Softer technologies increase the adjacent possible by enabling and/or making more likely new choices to be made. More choices come at a price - we have to make them. That is one thing that makes them difficult or hard.
automation makes it quicker, more efficient, simpler to do things. It does so by reducing choices.
So, back to our model, the human element is strong when we use information from analytics to make changes. The more the system itself contributes, the less control is given to humans.

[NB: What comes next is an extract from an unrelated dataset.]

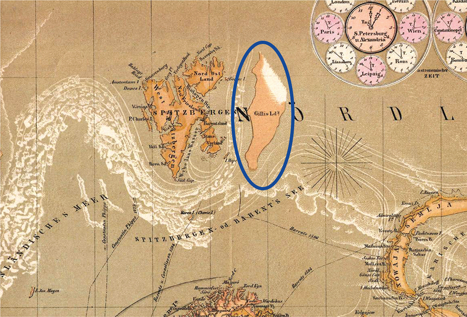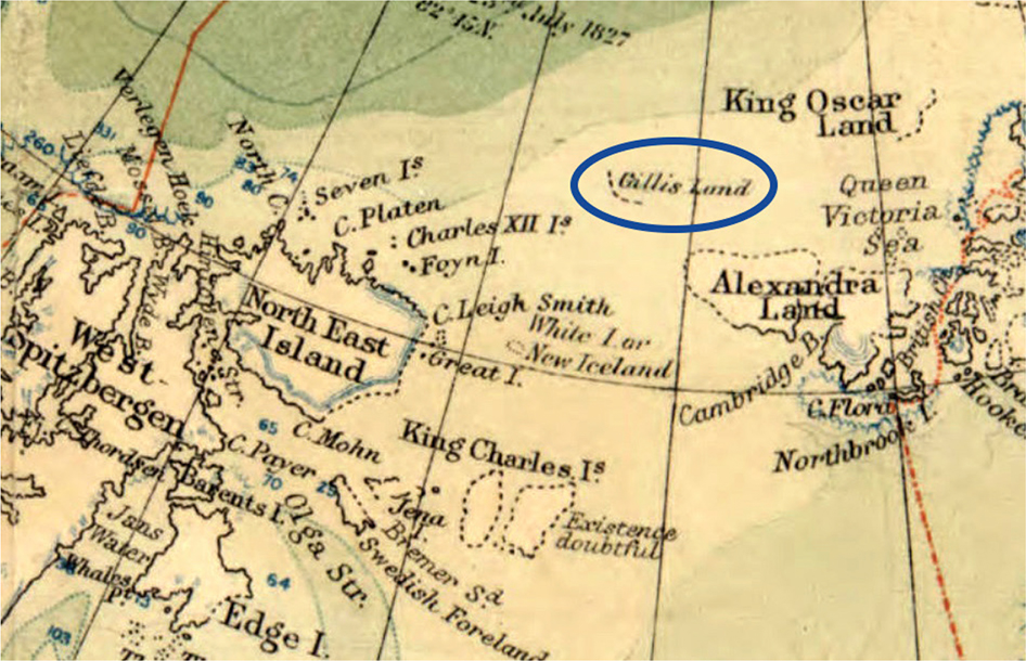 Fig. 6 Detail of Von Payer’s map (1876) with the location of “Gillis Land” circled.

Buster Keaton being chased by mob - mob stupidity concern for the engine, not the people heath robinson (like Rube Goldberg) - pointless machines schoolroom mentality - not for the learner If we feed back the wrong thing, our systems will reinforce stupidity. We need to know what we are collecting and how it will affect behaviour. The harder the system, the greater the risks
But, sometimes hard is the right thing. We want the best of all worlds.
The landing is a tool to extend the adjacent possible. It moves control to the individual and the group. It has many tools that can be combined and recombined in many ways. It is a virtual velcro to pull people and things together. But it is a very soft technology and so makes some things harder. We are seeking ways to harden the soft by seeking feedback and ideas as well as observation. But the big dream is to put the hardening in the hands of the people. Eg context switcher.
you can modify but it is better to use larger scale object to build assemblies. Assemblies can both soften and harden. If a system doesn’t do what you want, add a bit - that increases the adjacent possible. But what you add can also incorporate hardness. So - can use soft analytics to assemble the right things, hard analytics as a component to help guide when needed.